Bruce McCabe entered the conference room at nine forty-five—fifteen minutes late—without apology. He was about six feet tall and a little soft in the midsection. He had a high-and-tight haircut and dark, deep-set eyes. I knew from the bio on his firm’s website that McCabe started in the
military, serving in the JAG Corps, before he moved to the private sector some twenty years ago. What the bio didn’t say, but what I caught as a vibe from the moment he entered the room, was that Bruce McCabe was a humorless man, with an intensity bordering on anger.

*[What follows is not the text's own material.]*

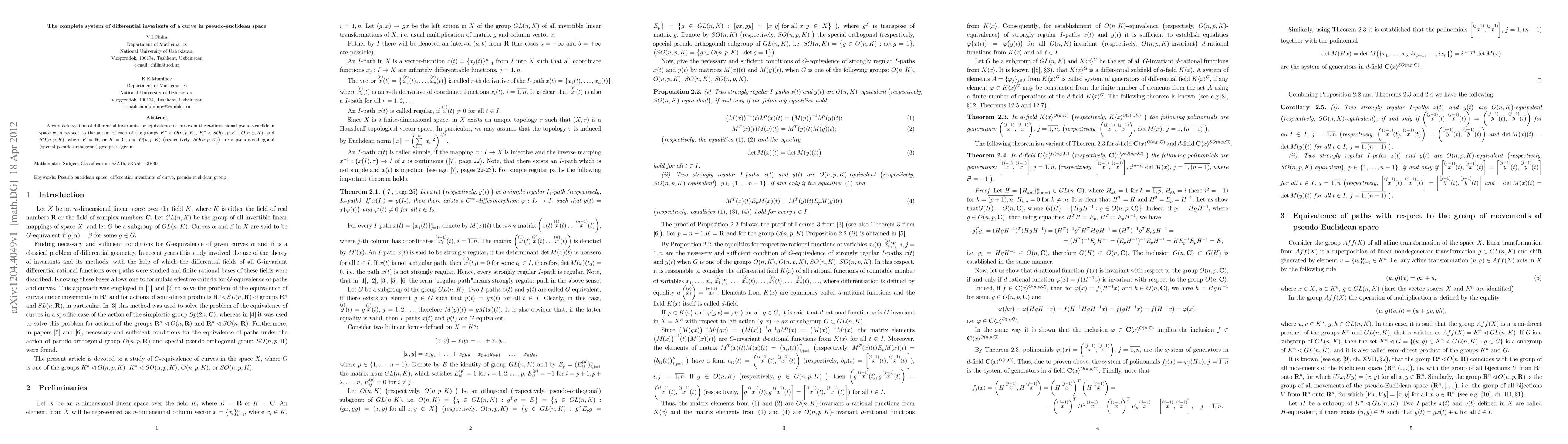 A complete system of differential invariants for equivalence of curves in the $n$-dimensional pseudo-euclidean space with respect to the action of each of the groups $K^n \lhd O(n,p,K)$, $K^n \lhd SO(n,p,K)$, $O(n,p,K)$, and $SO(n,p,K)$, where $K = \mathbf{R}$, or $K = \mathbf{C}$, and $O(n,p,K)$ $\bigl($respectively, $SO(n,p,K)\big)$ are a pseudo-orthogonal (special pseudo-orthogonal) groups, is given.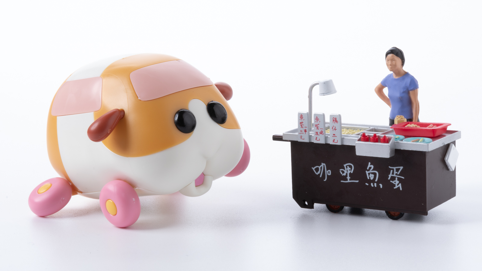 ポーズ用タイヤを使えばこんな姿勢で飾ることもできてしまうわけです。ちなみに右にある香港屋台のミニチュアはTINYという会社のもので、人間の大きさが先程のおねえさんとだいたい同じ(1/35スケールくらい)だったのでいっしょに並べてみました。ああっ!すでにいろんなシチュエーションで遊ぶ想像が止まらない……。

He made a point of checking his watch before he even offered his hand to me. “My morning is full,” he said. “I made some time for you but not much.”
“I appreciate you doing that,” I said.
“You didn’t exactly ask nicely.”
That was true. When I couldn’t even get him on the phone, I threatened his secretary with a subpoena. Then I repeated the threat to him. It was an empty threat, in fact. A subpoena would have tipped the prosecution to my strategy. My case wasn’t all that good on innocence, so I needed to at least keep the element of surprise. But he didn’t know that. The subpoena threat got his attention. That told me something, right there.
“Fifteen minutes,” he said.
“I represent Tom Stoller, the man charged with Kathy Rubinkowski’s murder.”
“You said that on the phone.”
“We have some questions about her death.”
“You said that on the phone, too. Are you going to tell me something new?”